Jan Bessai

Jan Bessai, Moritz Roidl, Anna Vasileva

One of the ultimate goals of software engineering is to leave virtual spaces and move real things. We take one step toward supporting users with this goal by connecting a type-based synthesis algorithm, (CL)S, and its IDE to a logistics lab environment. The environment is built and used by domain experts, who have little or no training in formal methods, and need to cope with large spaces of software, hardware and problem specific solution variability. It consists of a number of Cyber-Physical Systems (CPS), including wheel-driven robots as well as flying drones, and it has laser-based support to visualize their possible movements. Our work describes results on an experiment integrating the latter with (CL)S. Possibilities and challenges of working in the domain of logistics and in cooperation with its experts are outlined. Future research plans are presented and an invitation is made to join the effort of building better, formally understood, development tools for CPS-enabled industrial environments.

Jan Bessai, Anna Vasileva

Usability is crucial for the adoption of software development technologies. This is especially true in development stages, where build processes fail, because software is not yet complete or was incompletely modified. We present early work that aims to improve usability of the Combinatory Logic Synthesizer (CL)S framework, especially in these stages. (CL)S is a publicly available type-based development tool for the automatic composition of software components from a user-specified repository. It provides an implementation of a type inhabitation algorithm for Combinatory Logic with intersection types, which is fully integrated into the Scala programming language. Here, we specifically focus on building a web-based IDE to make potentially incomplete or erroneous input specifications for and decisions of the algorithm understandable for non-experts. A main aspect of this is providing graphical representations illustrating the step-wise search process of the algorithm. We also provide a detailed discussion of possible future work to further improve the understandability of these representations.

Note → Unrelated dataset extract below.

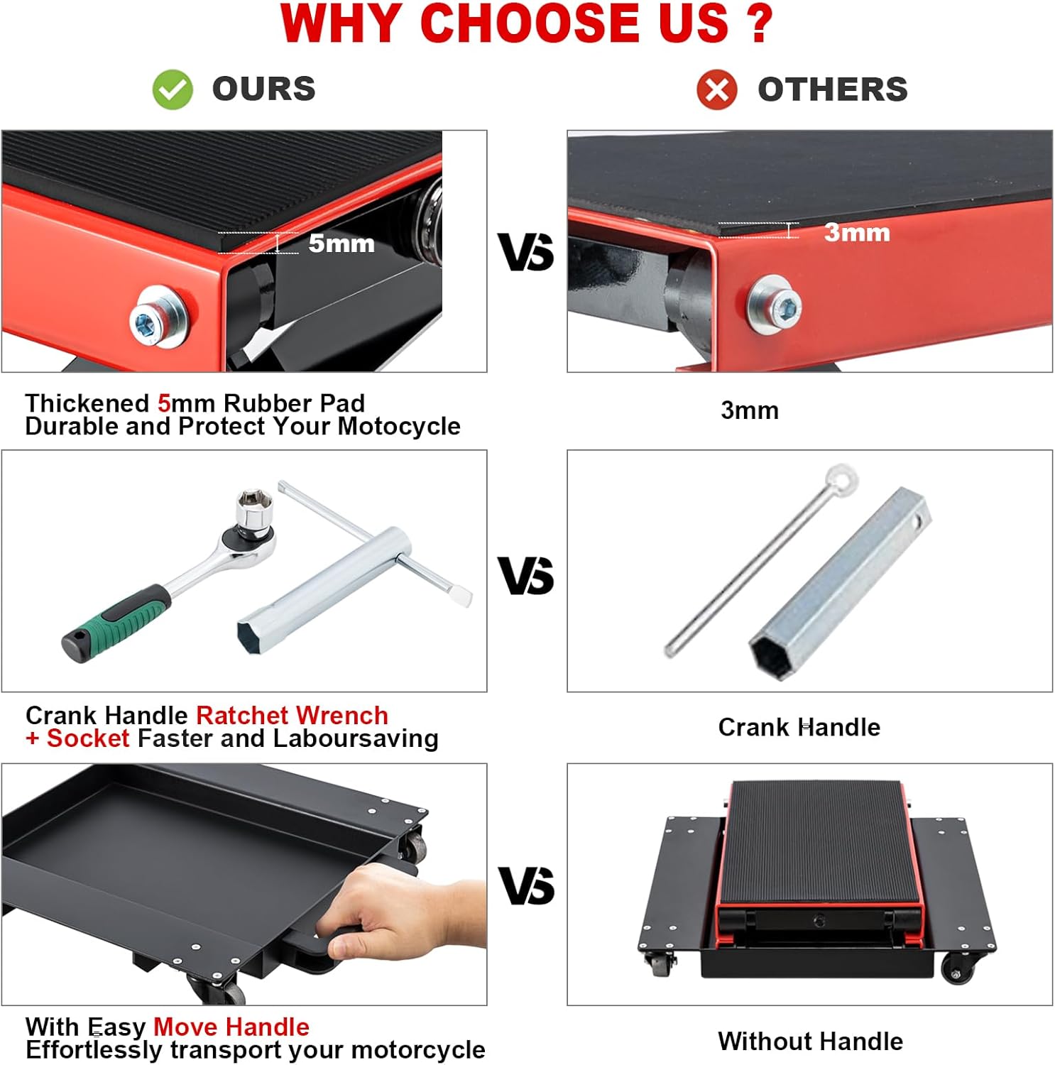 - Laboursaving : In addition to the crank handle,we also have an extra ratchet wrench,which is easier to use than crank handle,you will spend less effort to lift the motorcycle up quickly

Jan Bessai, Boris Düdder, Andrej Dudenhefner et al.

We study an assignment system of intersection types for a lambda-calculus with records and a record-merge operator, where types are preserved both under subject reduction and expansion. The calculus is expressive enough to naturally represent mixins as functions over recursively defined classes, whose fixed points, the objects, are recursive records. In spite of the double recursion that is involved in their definition, classes and mixins can be meaningfully typed without resorting to neither recursive nor F-bounded polymorphic types. We then adapt mixin construct and composition to Java and C#, relying solely on existing features in such a way that the resulting code remains typable in the respective type systems. We exhibit some example code, and study its typings in the intersection type system via interpretation into the lambda-calculus with records we have proposed.